Robin Voets

Personal information
- Date of birth: 13 April 2001 (age 24)
- Place of birth: Erp, Netherlands
- Height: 1.85 m (6 ft 1 in)
- Position: Centre-back

Team information
- Current team: Blauw Geel '38
- Number: 3

Youth career
- RKVV Erp
- Den Bosch

Senior career*
- Years: Team / Apps / (Gls)
- 2018–2019: Jong Den Bosch / 31 / (4)
- 2019–2021: Den Bosch / 11 / (0)
- 2021–: Blauw Geel '38 / 115 / (13)

= Robin Voets =

Dutch footballer (born 2001)

Robin Voets (born 13 April 2001) is a Dutch footballer who plays as a centre-back for Blauw Geel '38.

==Career==
Born in Erp, Voets started his career in the youth of RKVV Erp, before moving to the FC Den Bosch academy, where he was included in the first-team squad for a few matches in the Eerste Divisie for the 2018–19 season, while appearing for the U21 team in the Hoofdklasse.

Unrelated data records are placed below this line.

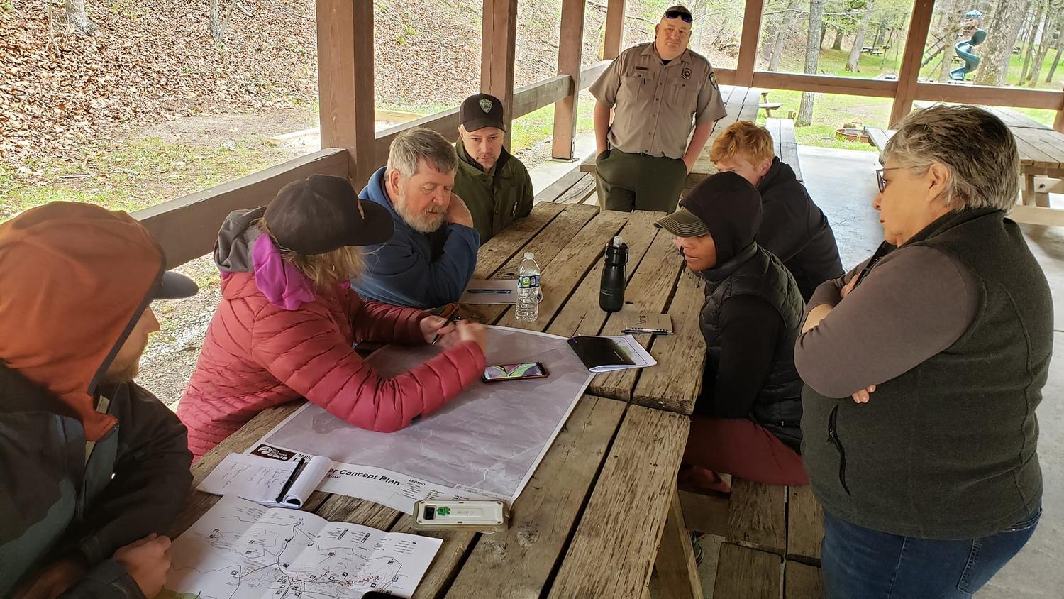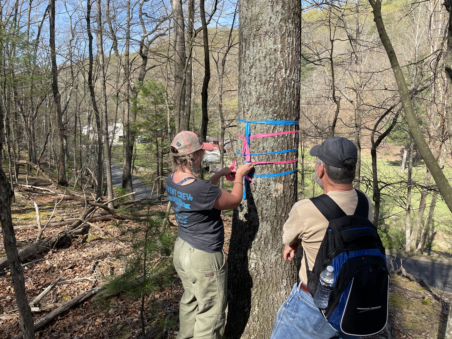 After a project kickoff in late March, the IMBA Trail Solutions team was on the ground swiftly by mid-April in Mathias, WV for assessment of existing trails, ground truthing specific sites of interest, and flagging new trails. Working in the tough to access north-end of the park, IMBA Trail Solutions Project Manager Liz Grades and Planner Matt Brabender designed three miles of beginner/intermediate trails that form a lollipop loop. “Conceptually, there’s a possibility for 25-30 miles of new trail in the future,” said Liz.
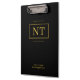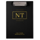 Uma prancheta ousada e elegante em preto e ouro com seu monograma personalizado. Perfeito para professores, profissionais ou marcas comerciais. Personalize com suas iniciais para uso diário.
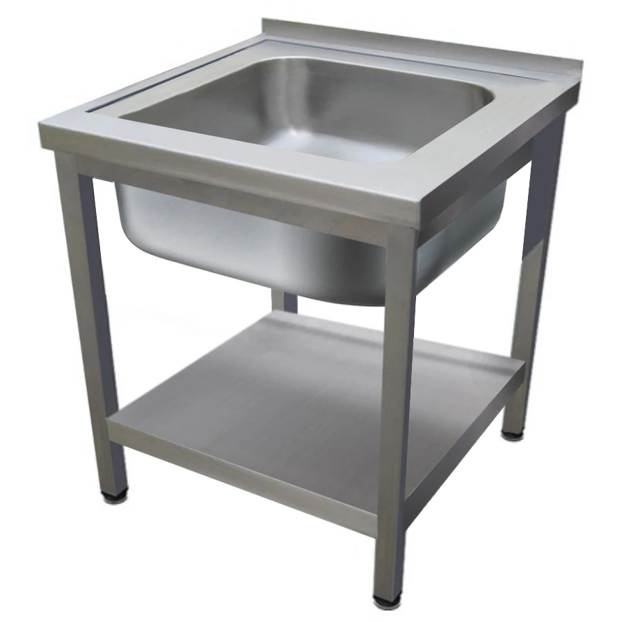 600mm 1 medencés nagykonyhai mosogató 500x500x300mm medencével, lábra állítva, r.m. acél
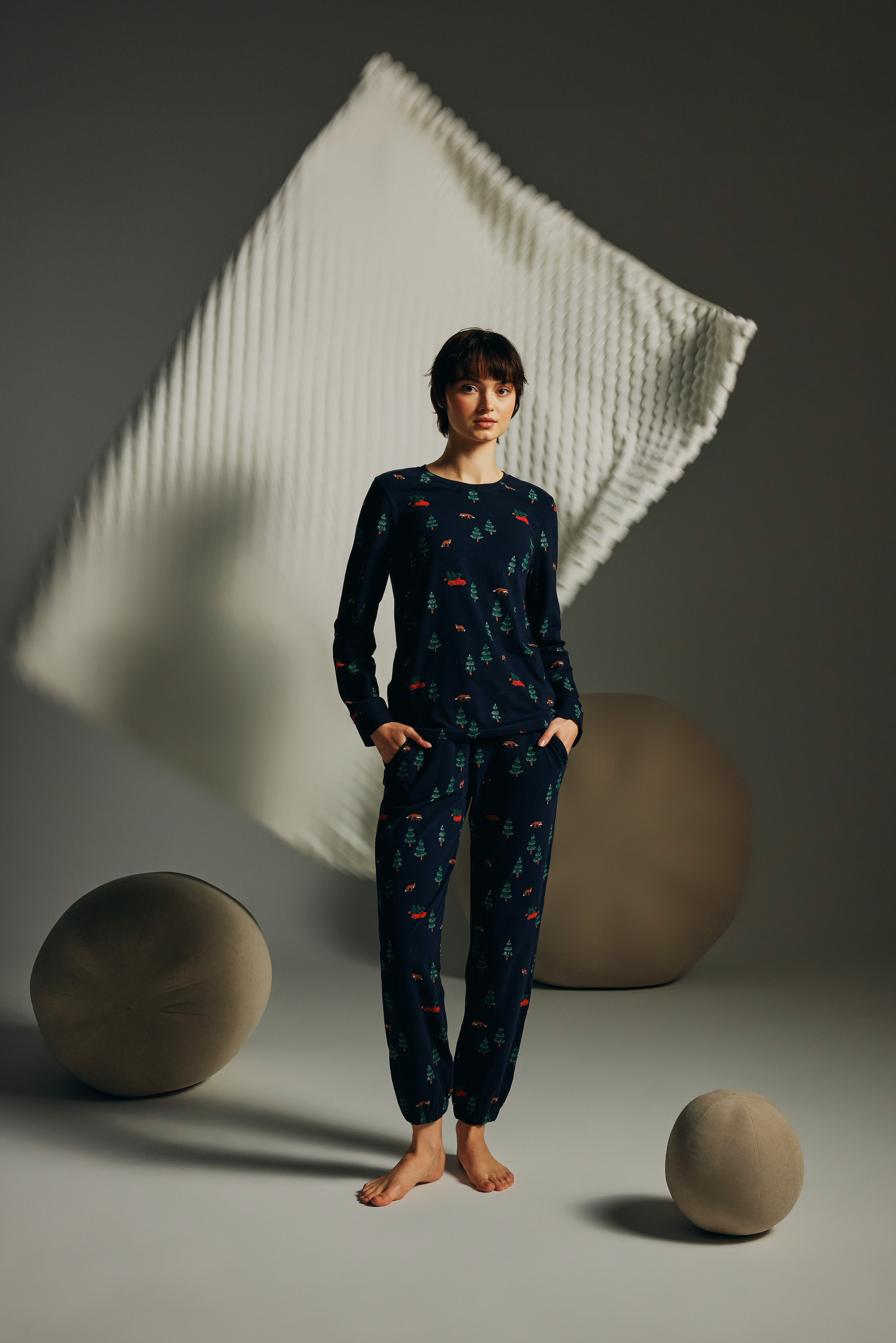 Kadın Pamuklu Uzun Kollu Pijama Takımı

He made his senior debut the following season, in the 1–1 home match against FC Eindhoven on 23 August 2019. In the match, he came on as a substitute for Danny Verbeek in the 83rd minute.

On 23 May 2021, it was announced that Voets had signed with Blauw Geel '38, a club competing in the Derde Divisie.